Professor of psychology Daniel Krauss has said that, “Psychology and law have a lot to learn from each other.”
Krauss, who is a member of the United States Supreme Court bar and a board certified forensic psychiatrist, has coauthored an article for the American Psychological Association’s magazine, Monitor, that discusses an important intersection of these two fields. Titled, “Revisiting intellectual disability and the death penalty,” it outlines the case of Hall v. Florida, a challenge to Florida’s cutoff IQ score of 70 to establish developmental disability, or what was previously known as mental retardation. Freddie Lee Hall was sentenced to death by a Florida jury in 1982 for the murder of a pregnant 21-year-old. During one sentencing trial, the court determined Hall to be mentally retarded, but in a later trial, he exceeded the state’s cutoff score of 70 and was sentenced to death.

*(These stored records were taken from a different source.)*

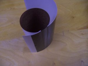 The external airframe was assembled in three distinct sections. The aft section is a short section (1 in) of BT-80 tubing with six equidistant spaced holes for LEDs. The section also has a spacer and a coupler section that are installed to establish a groove on the inside of the BT-80 tube to house the LED wiring harness. The second airframe section is a piece of BT-80 tubing (4.875 in) that couples to the aft section using the coupler segment (do not glue together) to complete the aft section. The third section is the fore section, a 6 in piece of BT-80 tubing with six more equidistant spaced holes for LEDs, which will also house the parachute and nosecone. Before any further assembly, the adhesive-backed vinyl coverings were wrapped around the external airframe tubes. The amount of vinyl was just sufficient to cover the tubes, so careful alignment of the vinyl sheets was required. To wrap the body tubes I trimmed the paper backing (both layers) off the edge of the dark gray vinyl wrap that would correspond to the end of the body tube cylinder. By removing a strip of the backing paper in the middle of the wrap, I could set the body tube upright on a flat table top, wrap the vinyl around the cylinder, aligning the trimmed edge with the cylinder end on the table, and make adjustments to the alignment, as I could reposition the vinyl because so little was in contact with the body tube. Then it was just a matter of removing the rest of the backing paper and carefully smoothing out the bubbles. I used the same technique on the silver accents (a spectacular feature), trimming the end of the decal that circumnavigated the cylinder when applied.
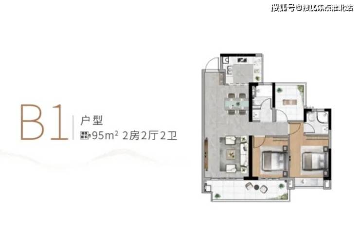 同样也是竖厅设计,建面约95㎡的2+1房2厅2卫户型,格局方正,自带6.5米朝南阳台,采光很不错。
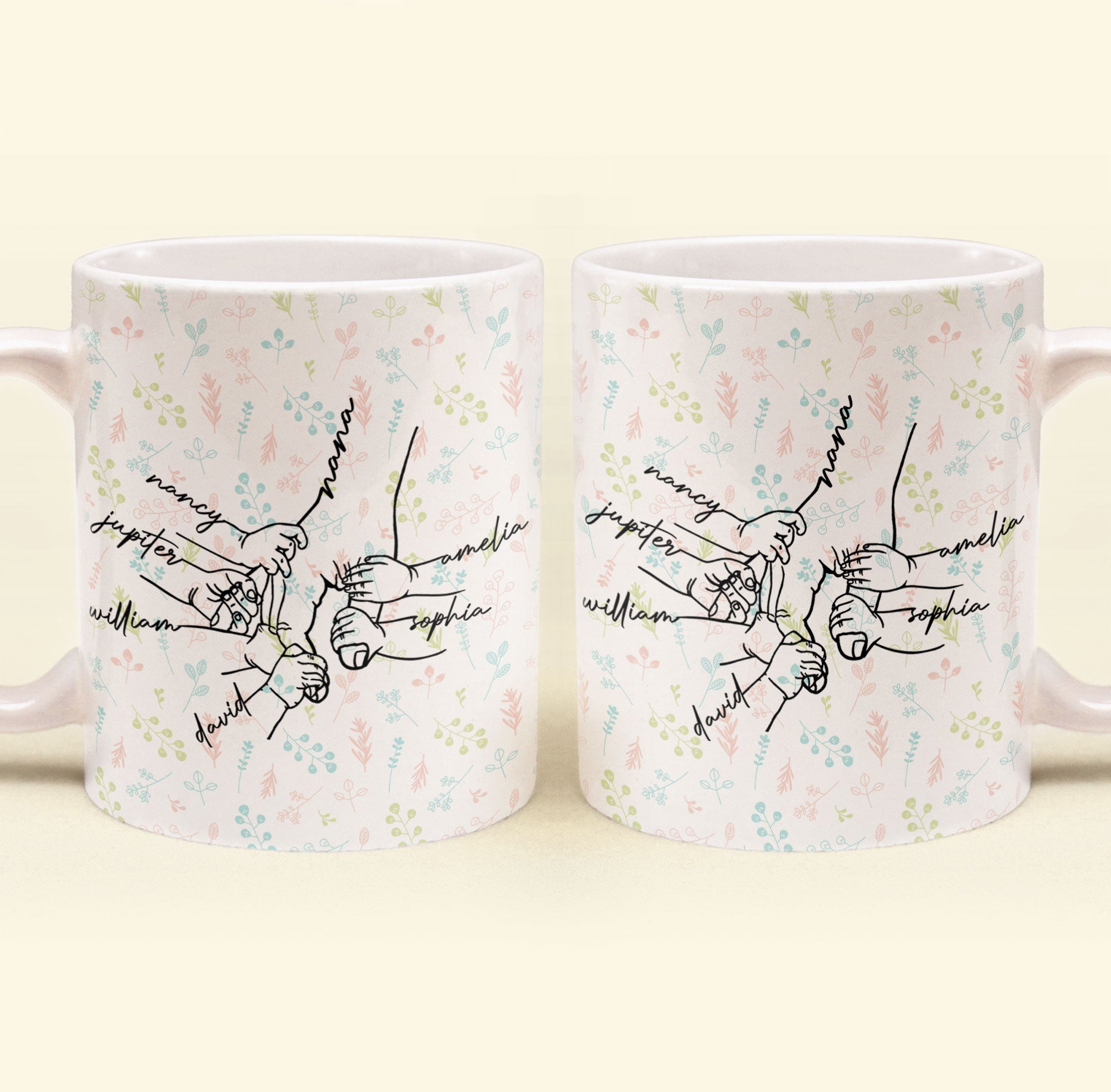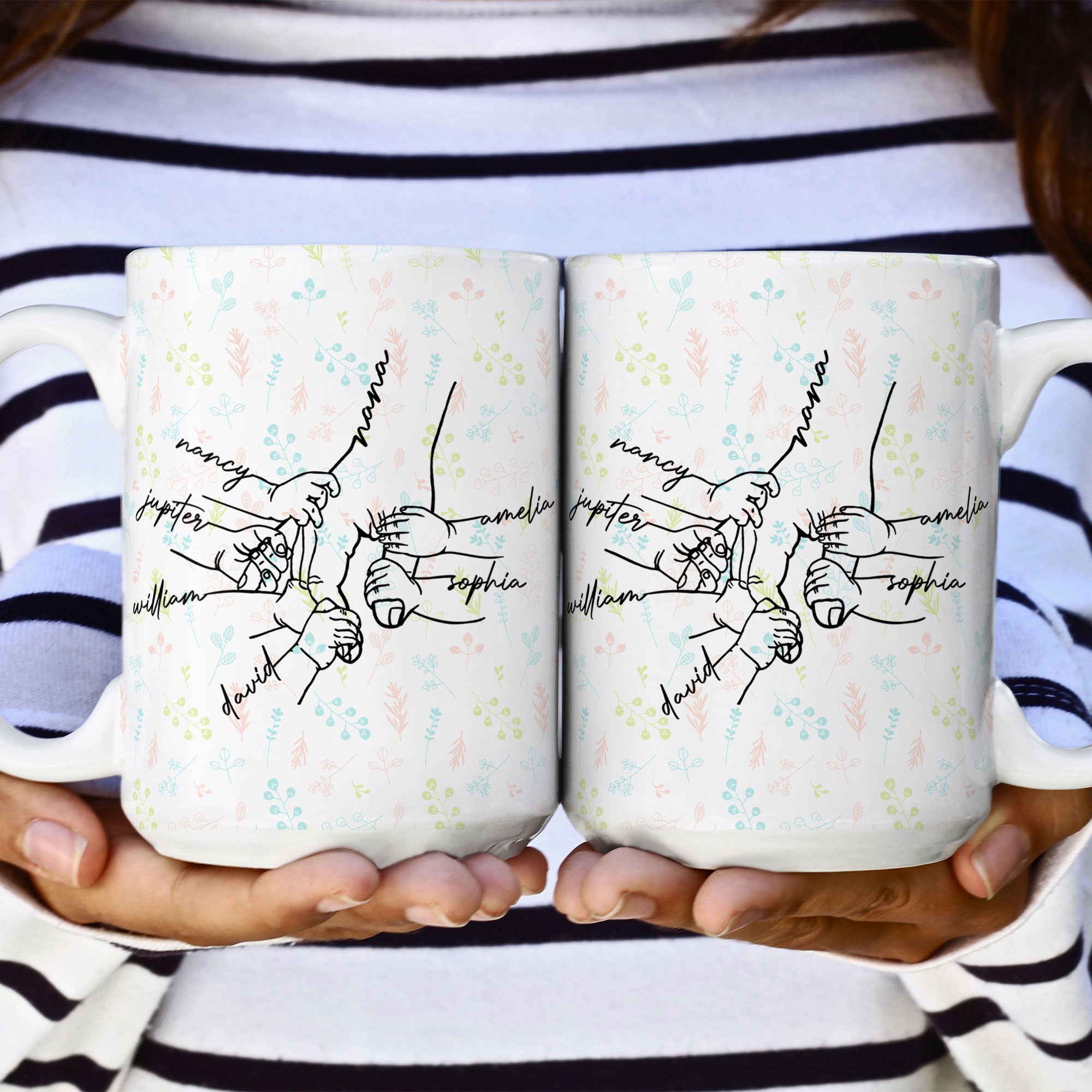 Celebrate the special bond between grandma and her grandchildren with this Personalized Mug featuring a heartfelt “hand in hand” design. Perfect as a sentimental gift, this mug can be customized with each grandchild’s name, making every sip a warm reminder of the love she shares with them. Whether it’s a morning coffee or an evening tea, grandma will adore holding this thoughtful piece, filled with the names of the little ones who mean the world to her.
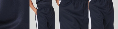 Shorts with elasticated waist and inner drawcords. Contrast side panels. Zipped side seam pockets. Twin-needle stitched hem.
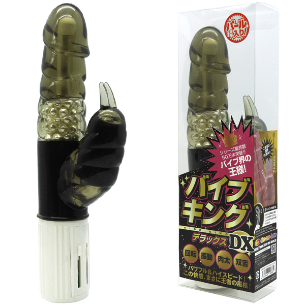 ハリ弾力のある肉太3段ボディ×ペロペロ舐める2本触手の子機が快感を高める!累計販売数50万本も売り上げた大人気シリーズ「バイブキング」の新作が登場。個別操作可能な強力回転&スイングの刺激に加えて根元部分にパールを内蔵したことで快感アップ!挿入部は約10cm、幅3.6cm、重さ228gの人気の高いスモークカラーで仕上げた電池式バイブです。単三電池を3本使用
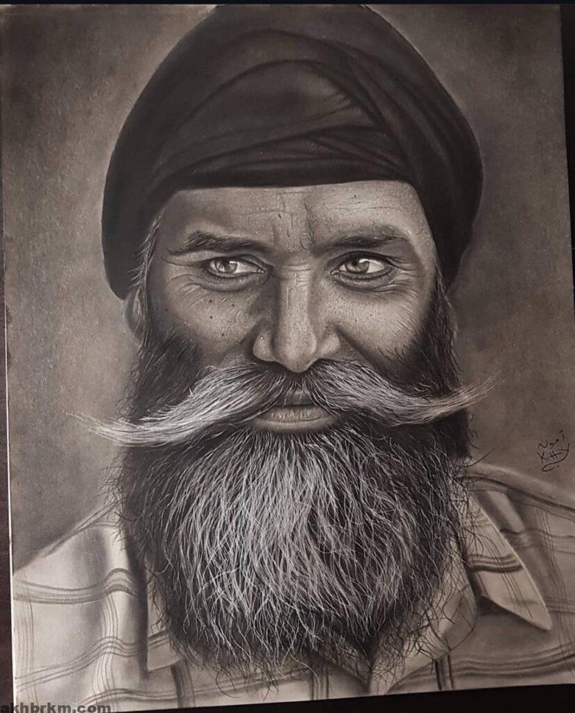 الشيب في اللحية والشوارب لم يكن بالنسبة لي مجرد لون بل رمز للخبرة والوقار حاولت أن أرسم كل خصلة كأنها حقيقية يمكن لمسها. حتى العمامة بطياتها والقميص بخطوطه الناعمة كلها رسمتها بعناية لأوصل إحساس الواقعية للمشاهد.
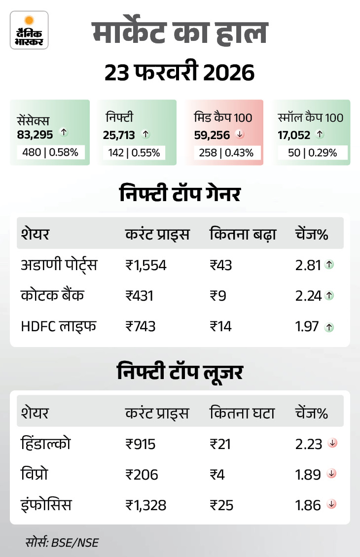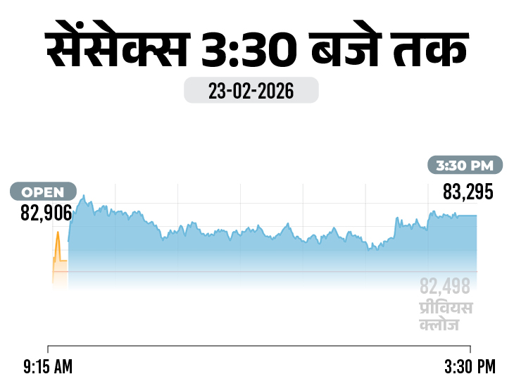 सेंसेक्स में आज यानी सोमवार 23 फरवरी को तेजी रही। ये 480 अंक (0.58%) चढ़कर 83,295 पर बंद हुआ। निफ्टी में भी 142 अंक (0.55%) की तेजी रही। ये 25,713 के स्तर पर बंद हुआ। आज के कारोबार में ऑटो और बैंकों के शेयरों में खरीदारी रही।
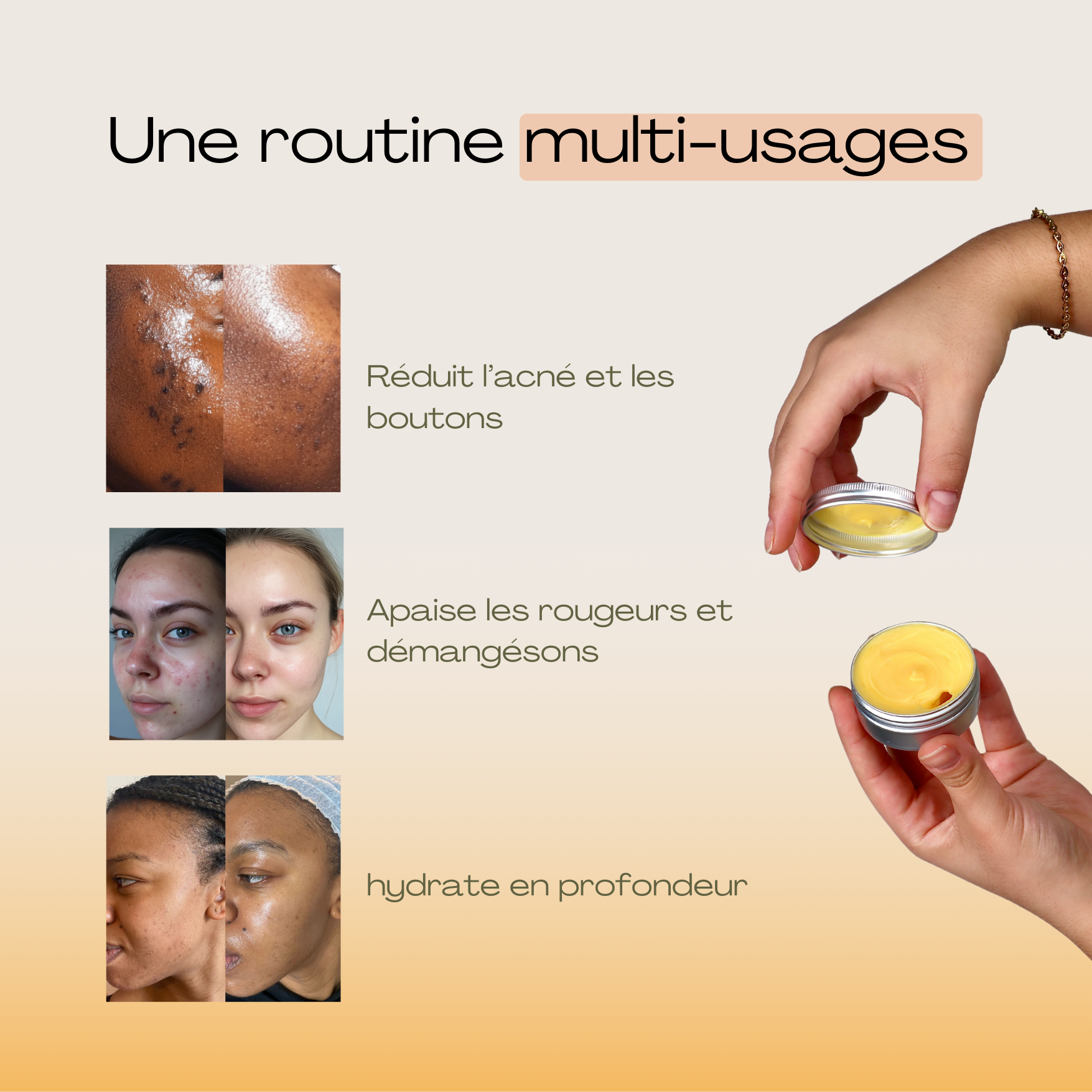 Peaux sèches : Le baume du soir nourrit profondément, tandis que le baume du matin hydrate.
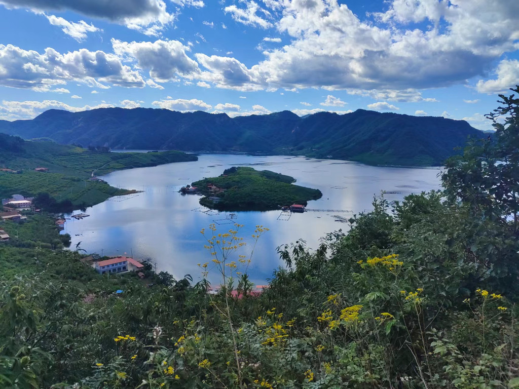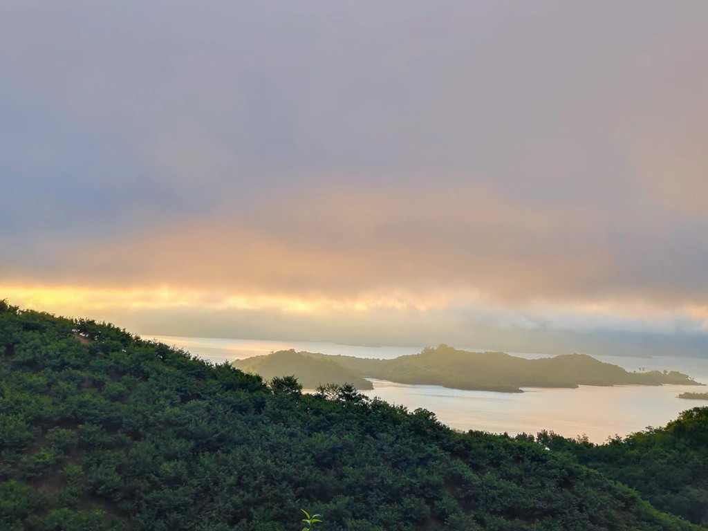 3.从民宿上后山,山上都是周围村民种的果树和板栗树。山路路况一般,建议去穿防滑的鞋。在后山上看风景,美的不要不要的。在这就能感受“东北小千岛湖”的风采。老板会推荐一条看朝鲜风景的路,会走一小段板油路,然后又是种满桃树的山路。不太好走,但是到达地点以后,风景会让你觉得不虚此行。虽说不是特别惊艳,但绝对不觉得不值。这里同时是看日出的好地点哦
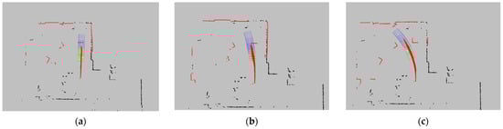 The detection region’s bounding box is classified into three state types: , , and , with the priority decreasing in the same order. indicates that the obstacle is too close, requiring the AGV to stop immediately; indicates that the obstacle is relatively close, prompting the AGV to gradually reduce its speed until it comes to a halt; and indicates that the obstacle is at a safe distance, allowing the AGV to decelerate according to the set parameters. When the obstacle’s point cloud enters the corresponding detection box, the system will adopt the appropriate obstacle avoidance strategy based on the current state.
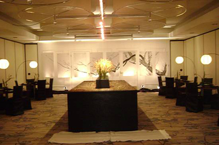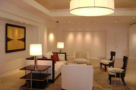 Line drum chandeliers were sent in for the ballroom that required extensive scaffold set-up to accommodate the 10 electricians needed to install them. Workers had to be very cautious not to disturb or destroy the hand-woven carpets from Africa, the one-of-a-kind artwork, or any of the lavish furnishings they had to workaround.
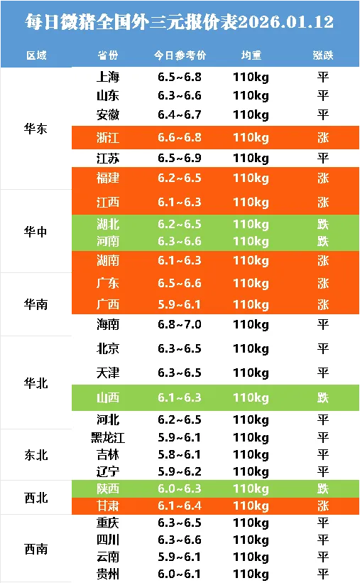 明日最新猪价2026.01.12点击蓝字关注 猪价不错过
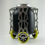 Nicolas Zanoni’s “Spinner” series features a Vase on roller-skate wheels. Thanks to this movement mechanism, these objects can pivot on themselves while remaining stable on their axis.
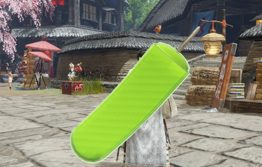 《怪物猎人崛起:曙光》绿舌头冰棒替换王国骑士大剑MOD帮助玩家改变武器外观,玩家可以通过该MOD将武器换成更有趣的绿舌头冰棒,看上去更独特。
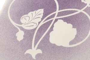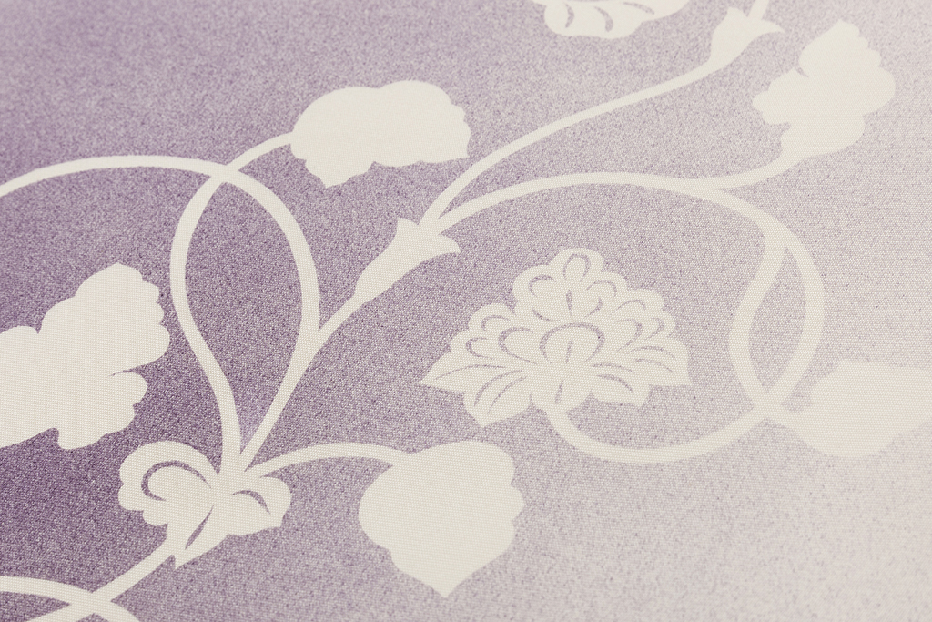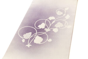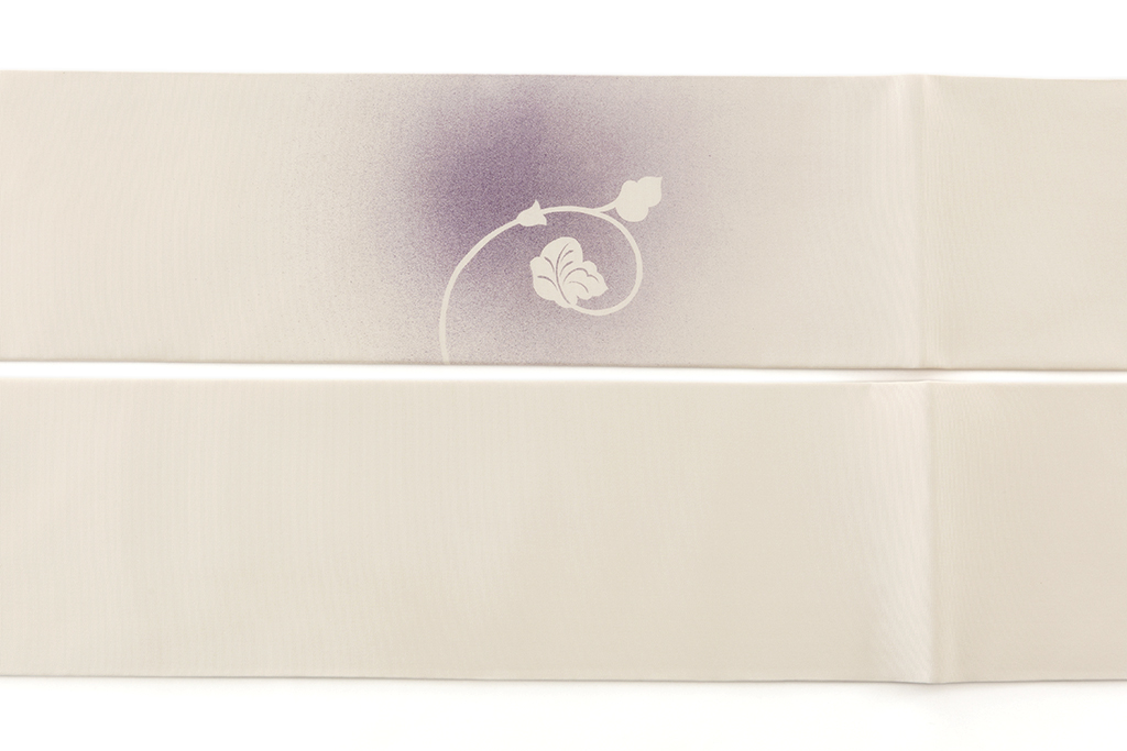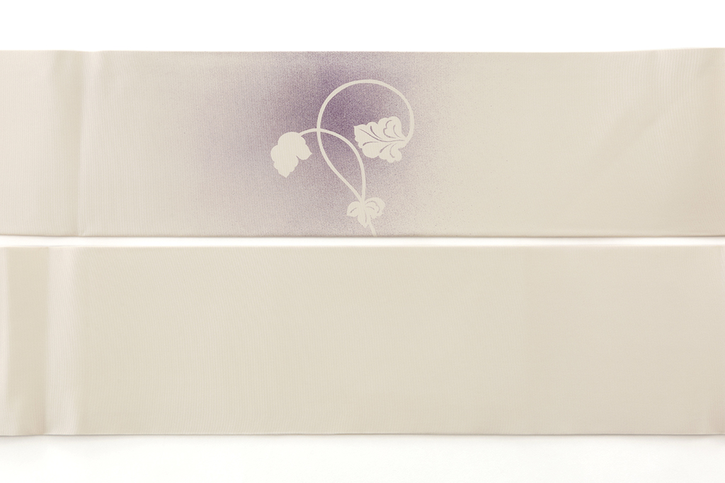 優しい真珠色の地に、美しい紫の濃淡の霞に柔らかな唐草文様を描いた、霞のように配された色彩が艶やかな印象を与え、高貴な色彩の中に浮かび上がる緩やかな曲線が女性美を引き立てる染司よしおか製 塩瀬九寸名古屋帯です。

The state’s determination that Hall could be executed calls into question how states interpret and establish their own standards for establishing mental retardation/developmental disability for defendants in capital cases. More specifically, the question is whether Florida’s sentencing of Hall to death violates Atkins v. Virginia, a U.S. Supreme Court ruling in 2002 that held that sentencing these people to death violated the 14th and the Eighth Amendments’ prohibition against “cruel and unusual punishment.”
Read Krauss’ one-page brief on the Hall v. Florida case, which summarizes the case and explains the decision by the American Psychological Association to file an amicus brief in support of Hall’s appeal. He believes this case is particularly important because it will have far-reaching implications for how much the law relies on psychological expertise in the diagnosis of developmental disability, and also demonstrates how the legal system and/or legislatures may misunderstand aspects of mental illness.
As part of his role in Division 9 (The Society for Psychological Study of Social Issues) APA’s Court Watch committee, Krauss writes on legal decisions relevant to the intersection of law and psychology, and he also has previously aided the APA in evaluating and developing amicus briefs on important legal and psychological issues.
Krauss is the chair of CMC’s psychology department.